The question is how many factors of 144,000 that are also factors of 450,000. I think there's a trick to it. I tried to use the prime factors {2,2,2,2,3,3,5,5,5} because all the factor are made of them(?) I tried to use 9!/4!*3!*2! but it's wrong..Please help me. Thanks

 

[pka]

The question is how many factors of 144,000 that are also factors of 450,000. I think there's a trick to it. I tried to use the prime factors {2,2,2,2,3,3,5,5,5} because all the factor are made of them(?) I tried to use 9!/4!*3!*2! but it's wrong..Please help me. Thanks

First FACTOR as you did. Here is a web resource that will help you.
$\displaystyle 144,000=2^7\cdot3^2\cdot5^3~\&~450,000=2^4\cdot3^2\cdot5^5$

The GCF is $\displaystyle 2^4\cdot3^2\cdot5^3$. Thus the number of common divisors is $\displaystyle (4+1)(2+1)(3+1)=~?$
Why add 1 to each common exponent?

 

[AlphaBlaziken]

I'm sorry but could you explain why the common divisor is (4+1)(2+1)(3+1)= ? Is it some kind of formula?

 

[pka]

I'm sorry but could you explain why the common divisor is (4+1)(2+1)(3+1)=? Is it some kind of formula?
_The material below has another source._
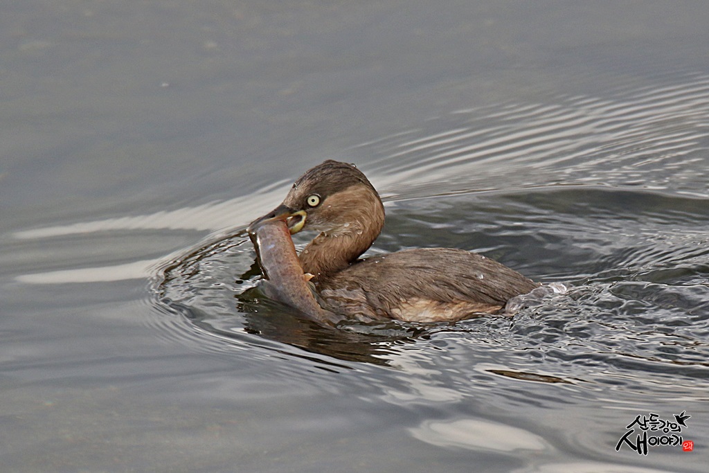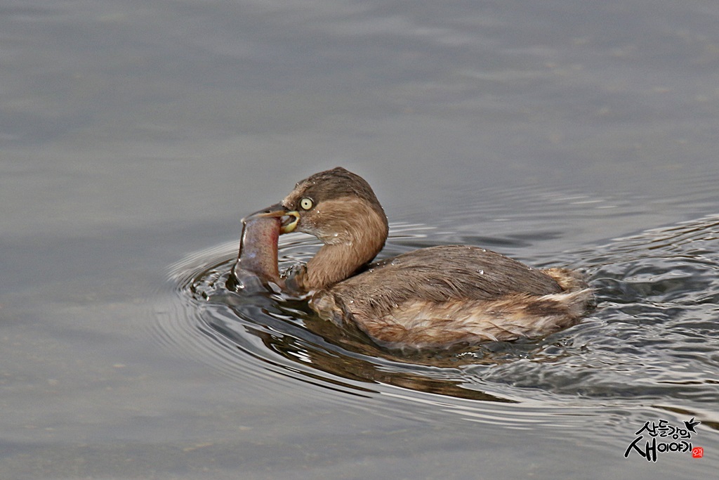2021.1.15. 대구광역시 수성구 중동의 신천에서 만난 논병아리입니다. 미꾸라지를 사냥하고 열심히 달립니다.

I would not call it a formula. It is a basic counting rule.

If $\displaystyle N=3^{6}\cdot5^3\cdot7^4\cdot11$ then the number $\displaystyle N$ has $\displaystyle (6+1)(4)(5)(2)$ divisors.

If $\displaystyle p^n$ is a in the prime factorization of $\displaystyle N$ then then +$\displaystyle p^j$ for $\displaystyle 0\le j\le n$ is a divisor of $\displaystyle N$.
That is $\displaystyle j+1$ values for the exponent: $\displaystyle j=0,1,2,\cdots,n-1,n$ or $\displaystyle n+1$ values.
The is true for each exponent in the prime factorization of $\displaystyle N$.

 

[Steven G]

I'm sorry but could you explain why the common divisor is (4+1)(2+1)(3+1)=? Is it some kind of formula?
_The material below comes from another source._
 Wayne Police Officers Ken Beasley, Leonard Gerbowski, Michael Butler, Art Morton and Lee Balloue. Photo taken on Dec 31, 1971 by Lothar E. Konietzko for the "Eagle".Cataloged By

Come on pka clearly said Thus the number of common divisors is (4+1)(2+1)(3+1) not the common divisor is (4+1)(2+1)(3+1)

 

[AlphaBlaziken]

Come on pka clearly said Thus the number of common divisors is (4+1)(2+1)(3+1) not the common divisor is (4+1)(2+1)(3+1)

Yeah, I meant how do you know the number is that. I didn't get it why would you add 1 to the exponent.
@pka Thanks, it's all clear now.